20 Sep The joys of driving in Germany
Licenses, Autobahns and the best of German car designs
I’m not one to get excited about cars, but I believe in giving credit where credit is due, and Germany is inarguably a world-leader in the automotive spectrum. Regarded as one of the most innovative in the world, and with seven manufacturers holding some of the most famous names like Porsche and BMW, Germany has every reason to toot its own horn. But while there are many lists about the most exciting sports car or luxury car, I’m more interested in the eclectic models and other facets of German automotive culture that make it so fun, fun, fun on the Autobahn.
Rules of Driving on the Autobahn
Firstly, Kraftwerk got it right. It is really, really fun to drive on the Autobahn (albeit they were saying ‘fahren’ not ‘fun’) when there are no speed restrictions. It is freeing, and it still boggles my mind that even if you feel like you’re flying down the road (my top speed to date is 180km or 111mph) there is always somebody faster. While there are areas on the Autobahn that are a speed-limit free for all, there are still many places where there are speed limits to be adhered to, so you can’t just burn rubber whenever and wherever you feel like it. There’s also the issue of passing at high speeds. I was a bit surprised at the extreme adherence to the rule of never passing on the right. If you want to pass, you pass only on the left, and if they’re going too slowly, they’re supposed to move over, but you never pass on the right. This isn’t a rule that I’ve ever noticed to be upheld in the US.
Getting a German license
The great news for Americans is that you’re allowed to drive in Germany with your American license for up to 6 months. If you want a German, license most of the states have an agreement for transferring over a license to a German one, and all of Canadian provinces have full-exchange agreements. If your state has an agreement, you just have to fill out a form and submit it to get a German license. It’s not all states, though, so that’s a bit annoying. But for those who do get the opportunity, it’s a huge luxury, because getting a license in Germany is way different than getting one in the states. Germany makes you take multiple classes, which aren’t cheap, before you take a test, which isn’t cheap, before you buy the license, which sits around $1,500 euros. It’s intense. Also, Germany, and Europe for that matter, are all about the standard transmission, so if you’ve only grown up driving an automatic, you’ll want to work on that before visiting or moving to Germany.

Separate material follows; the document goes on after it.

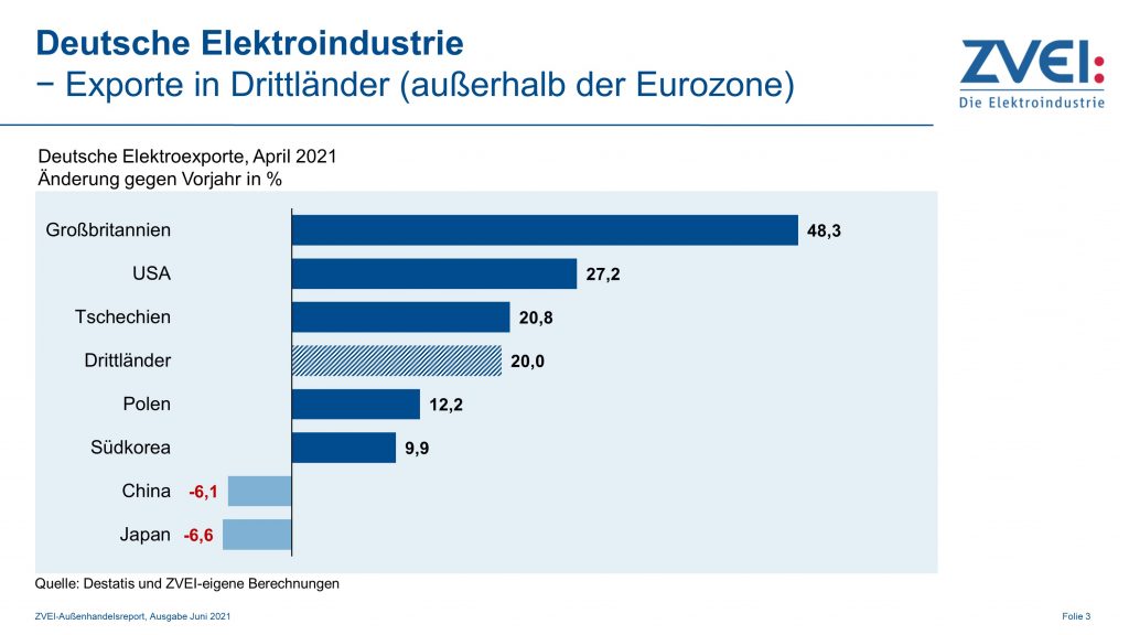 Zwar stiegen die heimischen Elektroexporte in die Gesamtheit der Länder außerhalb des Euroraums im April dieses Jahres um ein Fünftel (+20%) gegenüber dem Vorjahr auf 11,7Mrd.€. Allerdings verlief das Geschäft mit den einzelnen Ländern hier sehr unterschiedlich. So stiegen die Ausfuhren nach Großbritannien – wo die Vorjahreswerte nicht nur von der Pandemie, sondern auch durch den Brexit beeinträchtigt waren – im April um 48,3% auf 685Mio.€. Die Lieferungen in die USA legten um 27,2% auf 1,5Mrd.€ zu. Bei den Exporten in die beiden osteuropäischen Länder Tschechien und Polen waren Zuwächse von 20,8% (auf 816Mio.€) bzw. 12,2% (auf 802Mio.€) zu vermelden. Die Lieferungen nach Südkorea erhöhten sich um 9,9% auf 236Mio.€. Dagegen gab es bei den Ausfuhren nach China (-6,1% auf 2Mrd.€) und Japan (-6,6% auf 206Mio.€) im April Rückgänge. Kumuliert von Januar bis April beliefen sich die Lieferungen in die Drittländer auf 48,4Mrd.€. Das ist ein Plus von 5,4% gegenüber dem Vorjahr.

While rules of the road and other technical information is good to know, here’s the fun bit about the German automotive culture: Cars.

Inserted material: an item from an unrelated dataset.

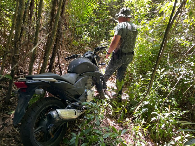 Uma equipe da 5ª Companhia de Polícia Militar Ambiental Marítima, realizava patrulhamento preventivo por terra, durante “Operação Impacto, Piracema e Verão” na cidade de Ubatuba, quando nas proximidades das margens do Rio Maranduba, avistaram dois indivíduos de estatura mediana saindo da mata empurrando uma motocicleta de cor preta e sem placa.

Let’s just go for gold right at the beginning. The cult classic amphibious car – the Amphicar Model 770. Created in 1961 to James Bond specifications, the Hanns Trippel design was built in Berlin’s Reinickendorf neighborhood and was a popular choice for novelty in 1960s film and television like Inspector Clouseau and the British series The Avengers. Also, considering how many lakes Berlin has, I don’t understand how this car isn’t en vogue in the city. If you lived on the canal you could just boat for part of the way to work, sounds great since people seem to be getting irritated with the traffic these days.

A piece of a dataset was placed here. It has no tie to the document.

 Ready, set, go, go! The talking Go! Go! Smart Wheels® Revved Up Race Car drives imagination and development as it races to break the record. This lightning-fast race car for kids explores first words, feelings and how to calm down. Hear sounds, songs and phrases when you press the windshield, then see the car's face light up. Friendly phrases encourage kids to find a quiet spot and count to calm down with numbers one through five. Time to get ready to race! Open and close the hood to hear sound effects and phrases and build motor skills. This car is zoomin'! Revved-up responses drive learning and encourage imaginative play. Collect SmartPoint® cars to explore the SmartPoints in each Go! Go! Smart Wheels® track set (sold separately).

East German Trabant. Hang around Brandenburger Tor for a little while and you’re bound to see the Trabi-Safari’ caravan motoring down the roads. The iconic boxy car was the car of East Germany, and the process to get one was to register and wait. Wait time would be based on one’s proximity to Berlin, so it’s always been good to be a Berliner! The plastic framed “sparkplug with a roof” went out of fashion after reunification, but there’s now an annual Trabi race held in Washington DC to celebrate the fall of the wall, and with the resurgence of interest in East German culture from fashion to café décor, it has since regained its popularity as a cult favorite.
Honestly, I think this one is my favorite. The sheer ridiculousness of it reflects all the nostalgia that I have for a time I never knew. Produced from 1955 to 1964, the Messerschmitt has the creativity of the 60s and the practicality of the 50s. Rolling around on just three wheels, the strange structure is a bit of an aberration for German design in general, but it is said to have been quite easy to handle and cheap. It was all about creating a bit of chatter back in the day, so I can imagine it must have been fun to cruise around the city, and then safely park the collector’s item in the garage of an equally as eye-catching home.